In the following questions a statement of assertion (A) is followed by a statement of reason ( R).
A : In the case of ground to ground projection of a projectile from ground the angle of projection with horizontal is `theta =30^(@)` . There is no point on its path such that instantaneous velocity is normal to the initial velocity .
R : Maximum deviation of the projectile is `2theta = 60^(@)` .

To solve the problem, we need to analyze both the assertion (A) and the reason (R) provided in the question regarding projectile motion. ### Step-by-Step Solution: 1. **Understanding the Assertion (A)**: - The assertion states that for a projectile launched from the ground at an angle of \( \theta = 30^\circ \), there is no point in its trajectory where the instantaneous velocity is normal (perpendicular) to the initial velocity. - In projectile motion, the initial velocity can be broken down into horizontal and vertical components. The initial velocity \( V_0 \) at \( 30^\circ \) can be expressed as: \[ V_{0x} = V_0 \cos(30^\circ) \] \[ V_{0y} = V_0 \sin(30^\circ) \] 2. **Analyzing the Trajectory**: - As the projectile moves, its vertical component of velocity decreases until it reaches the maximum height and then increases again as it falls back down. - At maximum height, the vertical velocity becomes zero, and the projectile only has horizontal velocity.
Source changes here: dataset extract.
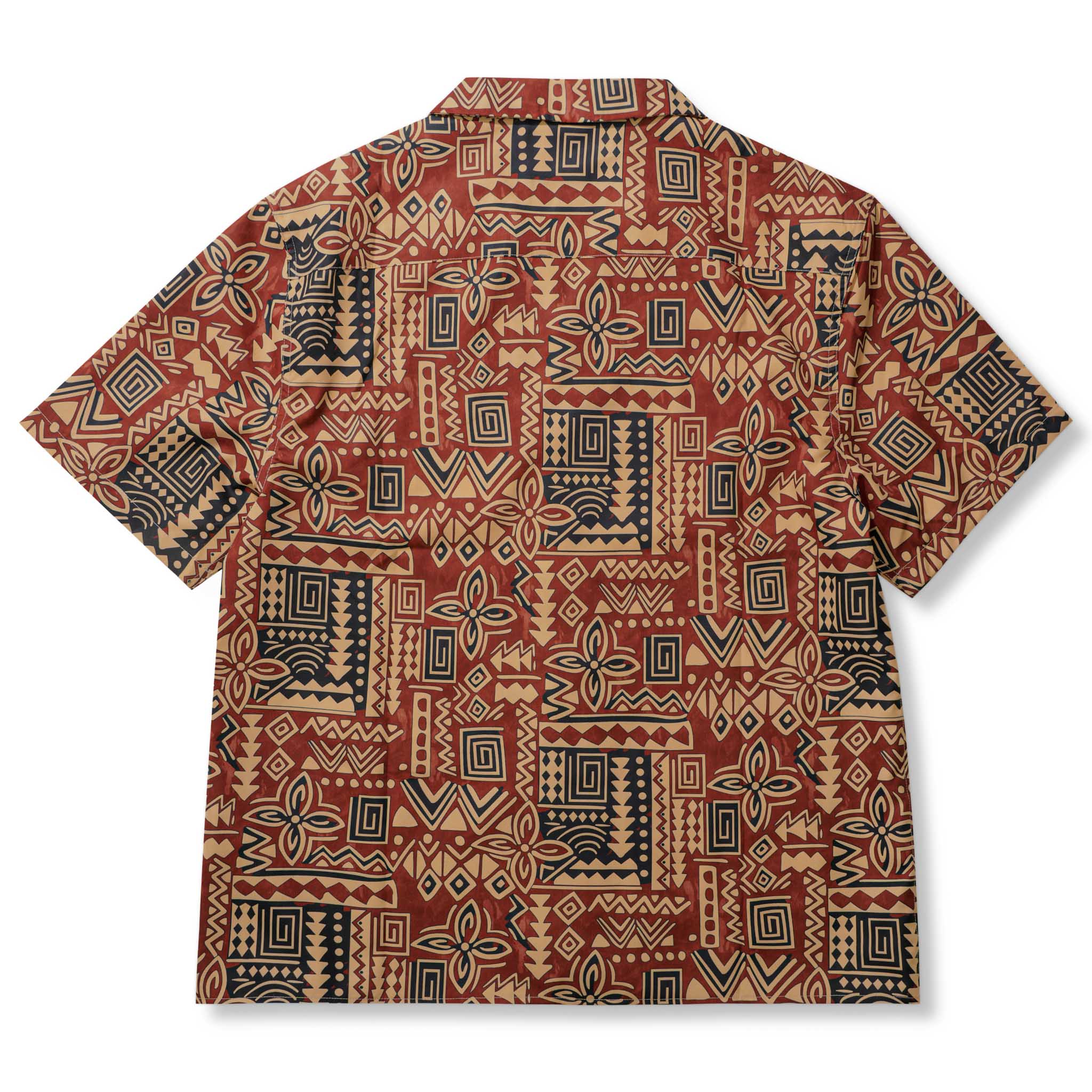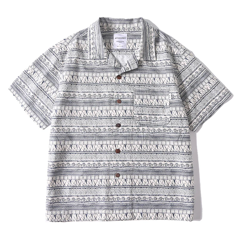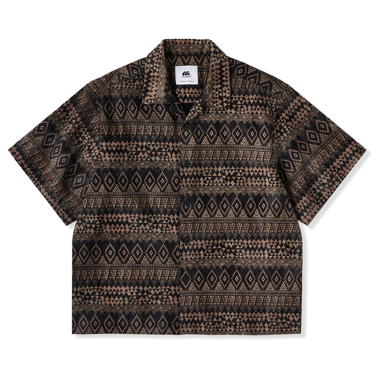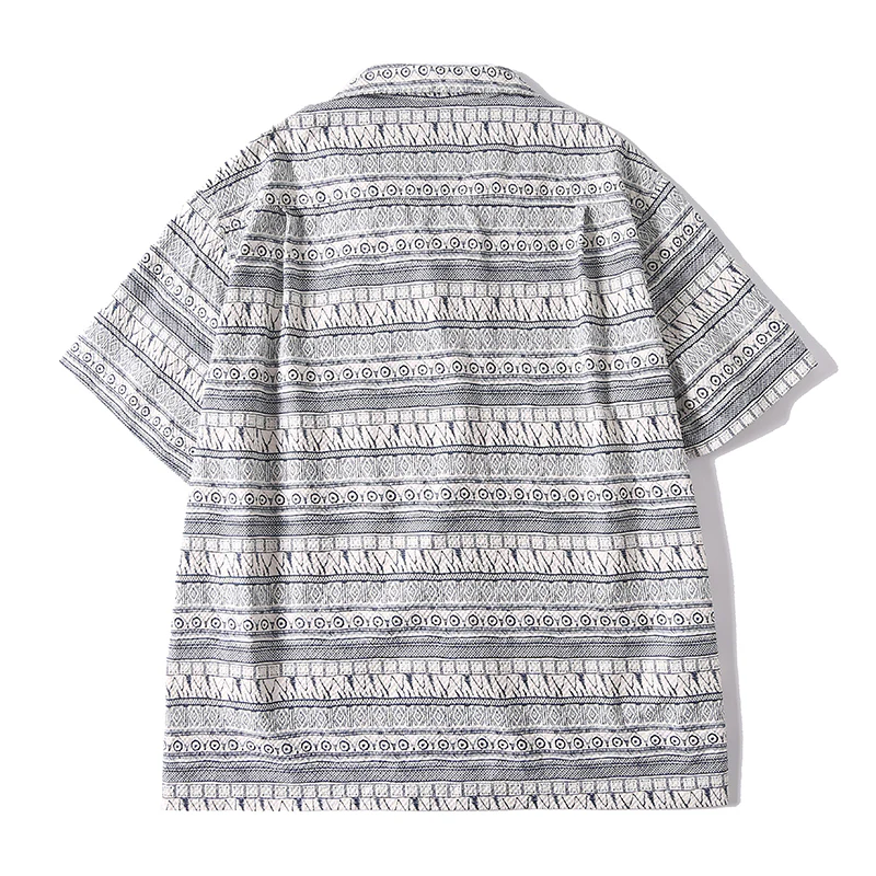 エスニック調 幾何学トーテム風オーダーメイドシアサッカーキューバシャツ

The angle of the velocity vector changes throughout the flight but never becomes \( 60^\circ \) with respect to the initial velocity. 3. **Determining the Angle of Instantaneous Velocity**: - The angle of the instantaneous velocity with respect to the horizontal changes continuously. At launch, it is \( 30^\circ \), and as it rises, it decreases until it reaches \( 0^\circ \) at the peak. After that, it increases back to \( 30^\circ \) when it hits the ground. - Therefore, the angle of \( 60^\circ \) (which is \( 2 \times 30^\circ \)) is never achieved during the flight. 4. **Understanding the Reason (R)**: - The reason states that the maximum deviation of the projectile is \( 2\theta = 60^\circ \). - This is true in the context of the angle of projection. The maximum deviation refers to the angle between the initial velocity vector and the final velocity vector just before it hits the ground, which indeed is \( 60^\circ \). 5. **Conclusion**: - Both the assertion (A) and the reason (R) are true. The reason correctly explains the assertion, as the maximum deviation of the projectile's angle is indeed \( 60^\circ \), but at no point does the instantaneous velocity become normal to the initial velocity. ### Final Answer: - **Assertion (A)**: True - **Reason (R)**: True - The reason is a correct explanation for the assertion.